_RECORDED DATA_:

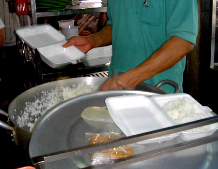 | Hộp xốp đựng cơm bán phổ biến ở chợ Bình Tây, TP HCM, được nhiều người ưa chuộng để đựng cơm, thức ăn vì sự tiện lợi. Ảnh: T.C. |
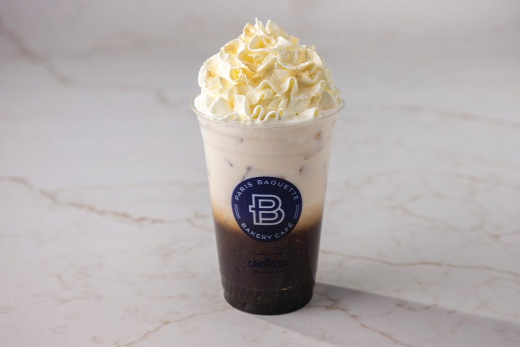 Menu / Seasonal Sips / Iced Irish Cream LatteIced Irish Cream Latte Rich espresso swirled with Irish Cream and milk over ice; topped with whipped cream and dusted with edible gold. Contains: Milk 390 Calories per serving
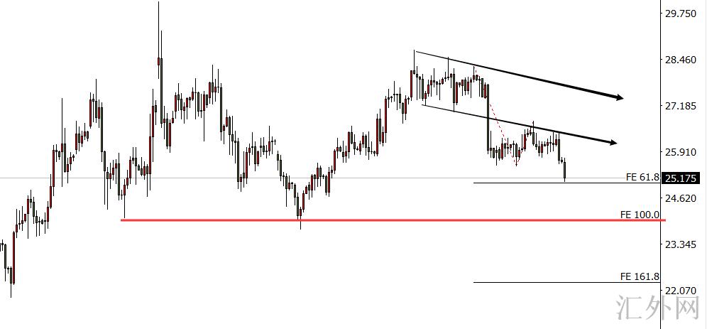 那何时才到位?依我看来它们两者的震荡是如此的,要么黄金就一直涨,连续到动员白银觉醒上拉,要么就跟着白银持续朝下挫,反正黄金在这以前已经距离底部有不少空间了,这段银价下探的100%支撑点置就在24左右,到时我们再看市场环境有没有潜在力量,简单解释就是在那以前市场要迎接巨大报告或者消息面,再做押注。

_TASK ITEM_: Copy all of the data above exactly. Leave out every picture.

_TASK RESULT_:
 | Hộp xốp đựng cơm bán phổ biến ở chợ Bình Tây, TP HCM, được nhiều người ưa chuộng để đựng cơm, thức ăn vì sự tiện lợi. Ảnh: T.C. |
 Menu / Seasonal Sips / Iced Irish Cream LatteIced Irish Cream Latte Rich espresso swirled with Irish Cream and milk over ice; topped with whipped cream and dusted with edible gold. Contains: Milk 390 Calories per serving
 那何时才到位?依我看来它们两者的震荡是如此的,要么黄金就一直涨,连续到动员白银觉醒上拉,要么就跟着白银持续朝下挫,反正黄金在这以前已经距离底部有不少空间了,这段银价下探的100%支撑点置就在24左右,到时我们再看市场环境有没有潜在力量,简单解释就是在那以前市场要迎接巨大报告或者消息面,再做押注。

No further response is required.